Risk-Adjusted Performance

7 of 100

 
Weak
 
Strong
Modest
Compared to the overall equity markets, risk-adjusted returns on investments in Nasdaq Inc are ranked lower than 7 (%) of all global equities and portfolios over the last 90 days. Even with relatively invariable basic indicators, Nasdaq is not utilizing all of its potentials. The latest stock price agitation, may contribute to short-term losses for the retail investors.
American Express 

Risk-Adjusted Performance

11 of 100

 
Weak
 
Strong
Good
Compared to the overall equity markets, risk-adjusted returns on investments in American Express Co are ranked lower than 11 (%) of all global equities and portfolios over the last 90 days. In spite of comparatively uncertain basic indicators, American Express may actually be approaching a critical reversion point that can send shares even higher in January 2025.

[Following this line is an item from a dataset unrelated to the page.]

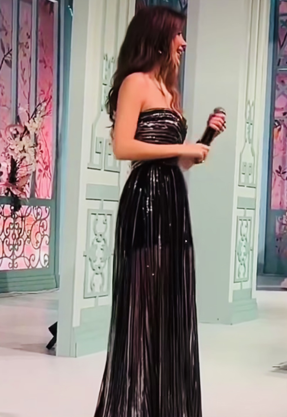 تميّز الفستان الشفّاف بقصّة طويلة منسدلة بدون حمّالات Strapless، بتفصيل الثنيات والزمزمة الناعمة عند الصدر، “كورسيه” داخليّ مهيكل، وخصر منحوت. هذا النمط من الفساتين يُشكّل إحدى القصّات الأكثر رواجاً في فساتين السّهرات هذا الصيف، وهو مقرون بسروال أسود قصير يظهر جلياً من خلال النسيج الشفاف.
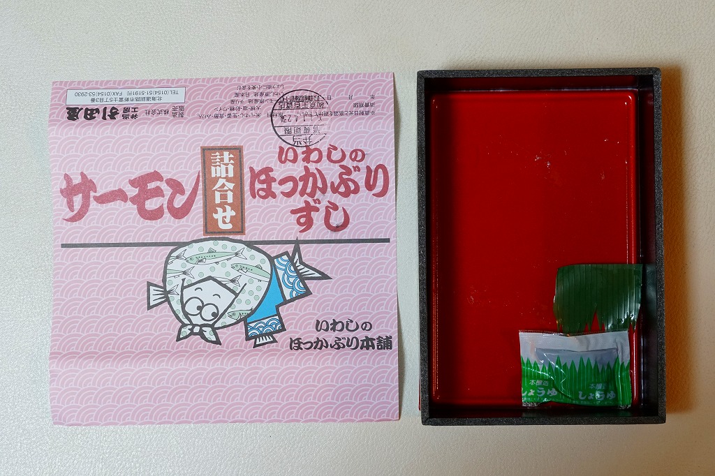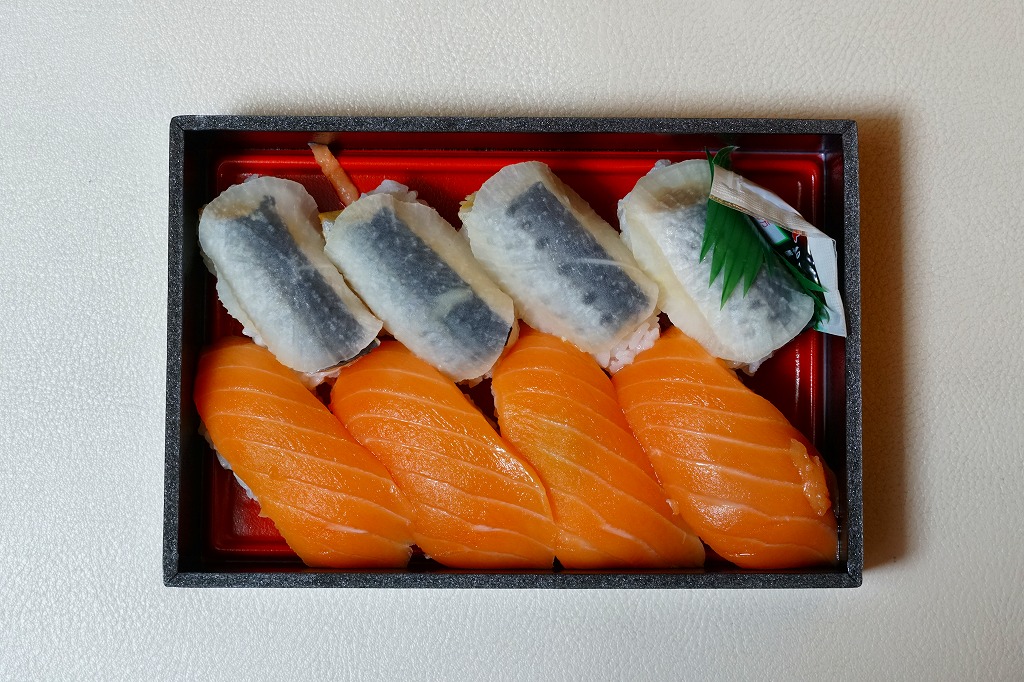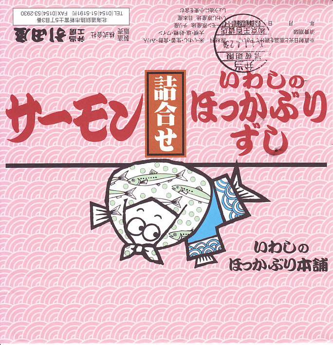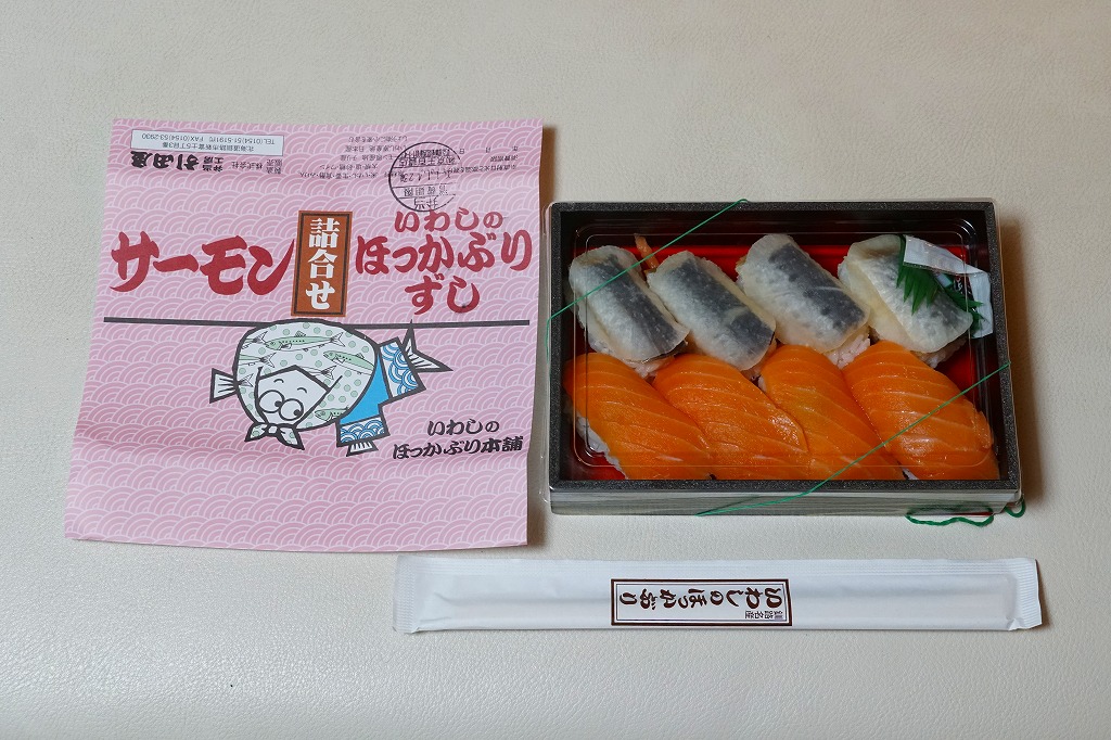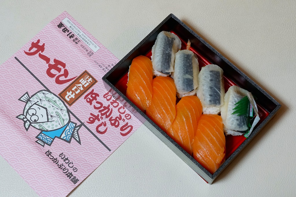 2014(平成26)年の発売か。掛紙からは駅弁の名前が読み取りにくいが、催事のチラシには「いわしのほっかぶり寿司とサーモン」とある。上記の名物駅弁「いわしのほっかぶり寿司」の、8個中4個の具を、イワシからサーモンに差し替えて、掛紙も替えたもの。平成時代にすっかりおなじみになったサーモンの握りが、なかなか酸っぱいいわしのほっかぶりと異なり、酸味を持たずに詰められていた。価格は2020年時点で1,290円、2022年時点で1,350円、2025年時点で1,380円。

Nasdaq and American Express Volatility Contrast

   Predicted Return Density   
       Returns  

Pair Trading with Nasdaq and American Express

The main advantage of trading using opposite Nasdaq and American Express positions is that it hedges away some unsystematic risk. Because of two separate transactions, even if Nasdaq position performs unexpectedly, American Express can make up some of the losses. Pair trading also minimizes risk from directional movements in the market. For example, if an entire industry or sector drops because of unexpected headlines, the short position in American Express will offset losses from the drop in American Express' long position.
The idea behind Nasdaq Inc and American Express Co pairs trading is to make the combined position market-neutral, meaning the overall market's direction will not affect its win or loss (or potential downside or upside). This can be achieved by designing a pairs trade with two highly correlated stocks or equities that operate in a similar space or sector, making it possible to obtain profits through simple and relatively low-risk investment.
Check out your portfolio center.
Note that this page's information should be used as a complementary analysis to find the right mix of equity instruments to add to your existing portfolios or create a brand new portfolio. You can also try the Stocks Directory module to find actively traded stocks across global markets.